The accompanying notes are an integral part of these financial statements.



                                       13
<PAGE>   14
                   AURORA ELECTRONICS, INC. AND SUBSIDIARIES
                   NOTES TO CONSOLIDATED FINANCIAL STATEMENTS
                    (In thousand, except per share figures)


NOTE A - SUMMARY OF SIGNIFICANT ACCOUNTING POLICIES

         Organization.  Aurora Electronics, Inc. operates in one business
segment which is comprised of distributing computer service parts and system
upgrade products, and provides materials management and recycling services to
computer manufacturers and service organizations.
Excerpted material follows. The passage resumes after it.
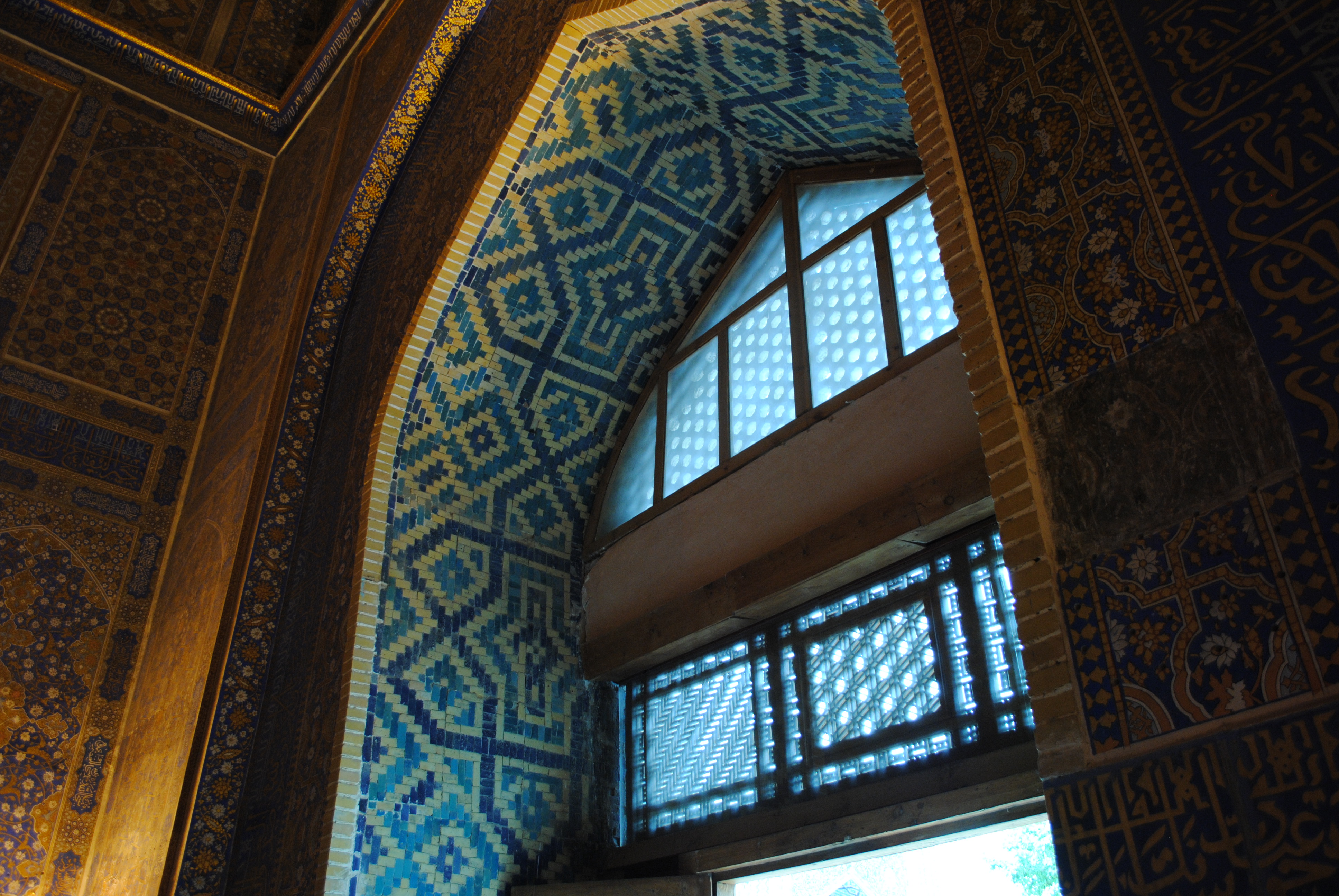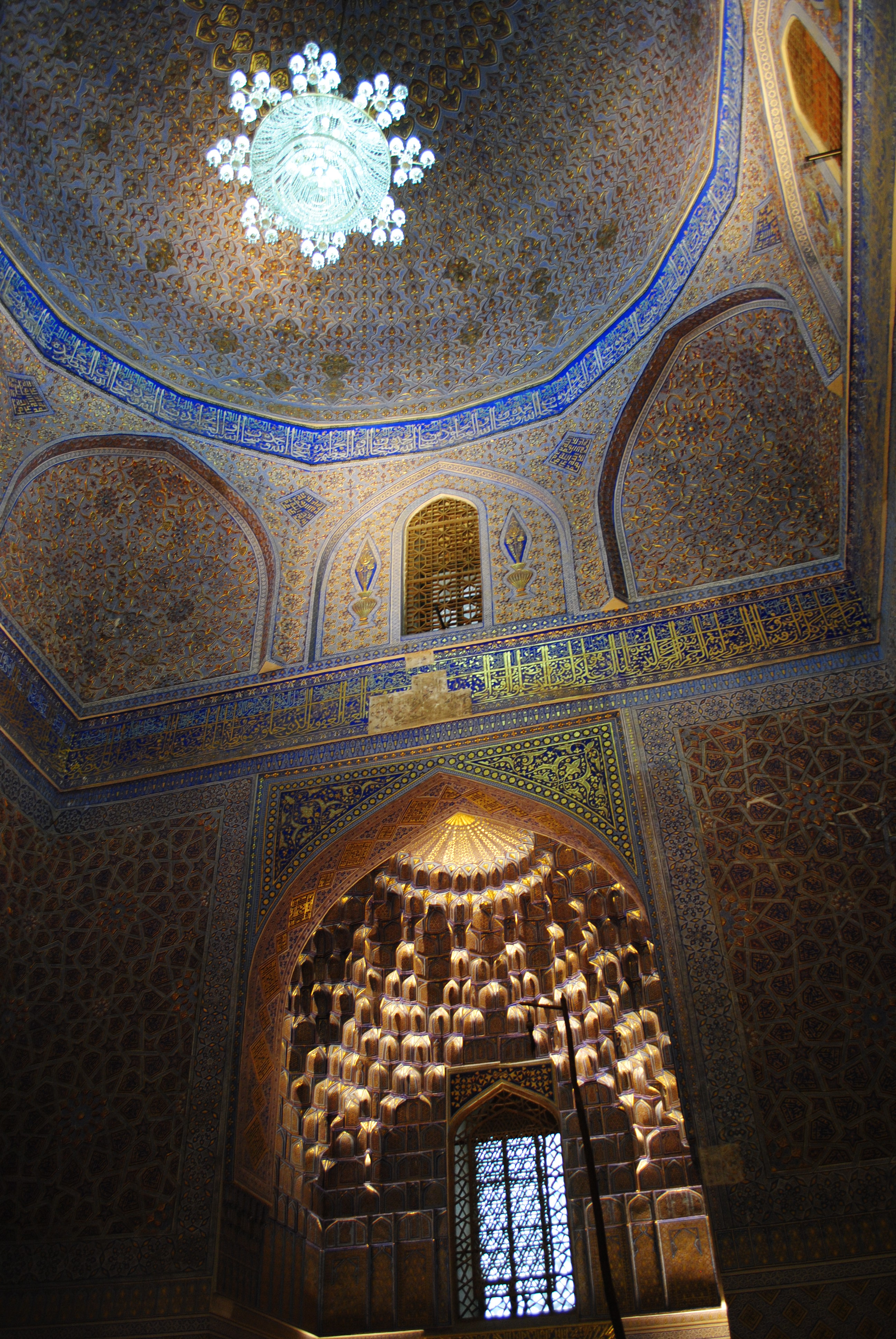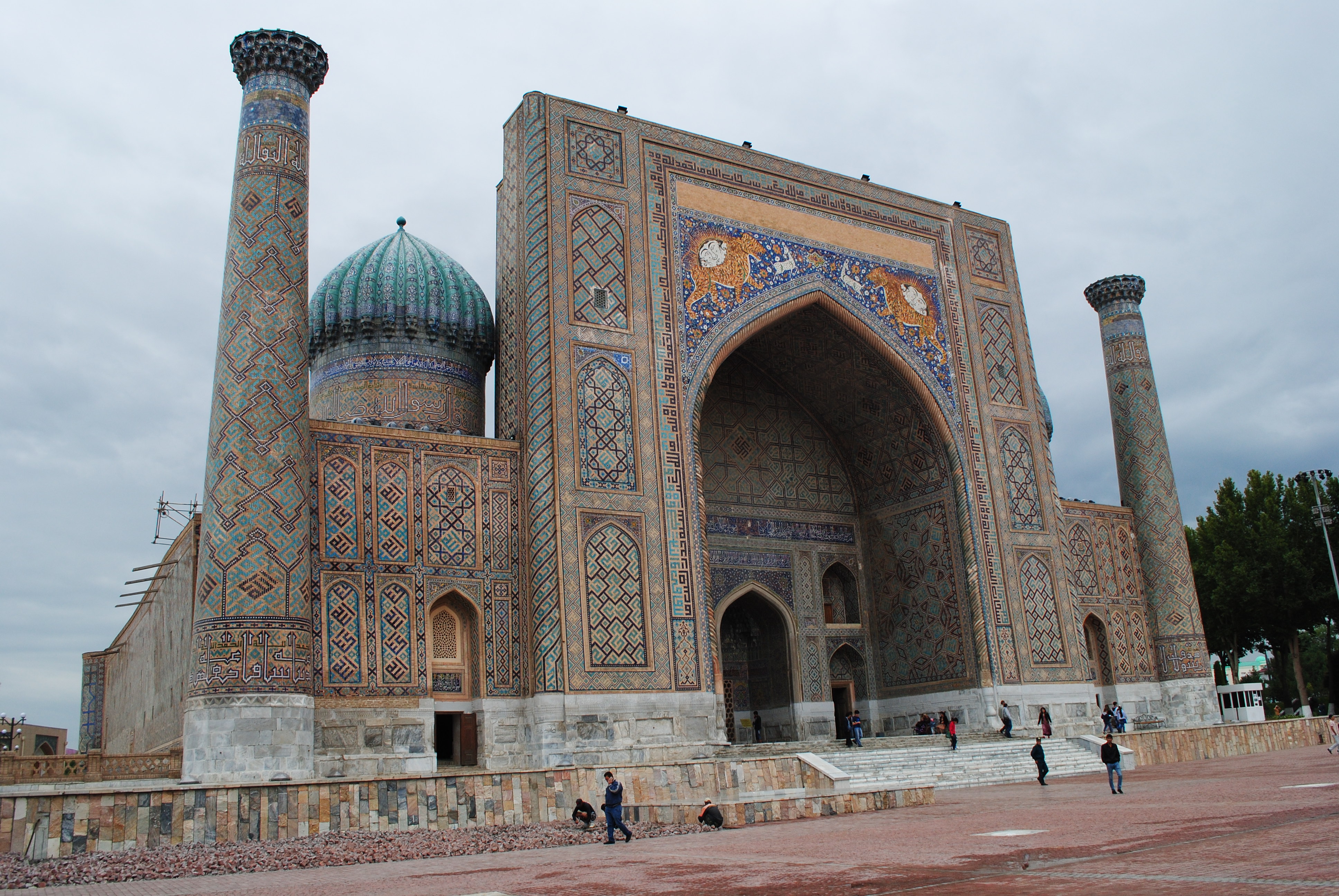 V in front of the Tilya-Kori Madrasa (1646–1660). The original dome collapsed in an earthquake and was reconstructed sometime in the 1900s. It arguably has the most beautiful interior.

         Principles of Consolidation and Change in Reporting Year.  The
accompanying consolidated financial statements include the accounts of Aurora
Electronics, Inc. (the "Company") and its subsidiaries.  All significant
intercompany accounts and transactions have been eliminated in consolidation.
Certain operating segments that have been sold and segments for which a plan of
disposal had been adopted as of September 30, 1992 have been reported as
discontinued operations.

         Effective September 30, 1992, the Company changed its fiscal year end
from December 31 to September 30.  Accordingly, the accompanying consolidated
statements of operations and cash flows for 1992 reflect the nine months ended
September 30, 1992.

         Revenue Recognition.  Revenue is recognized upon shipment of products
to customers.  The Company warrants products against defects and has policies
permitting the return of products under certain circumstances.  Provisions are
made for warranty costs and returns.  Such costs generally have not been
material.  The Company does not offer price protection to its customers.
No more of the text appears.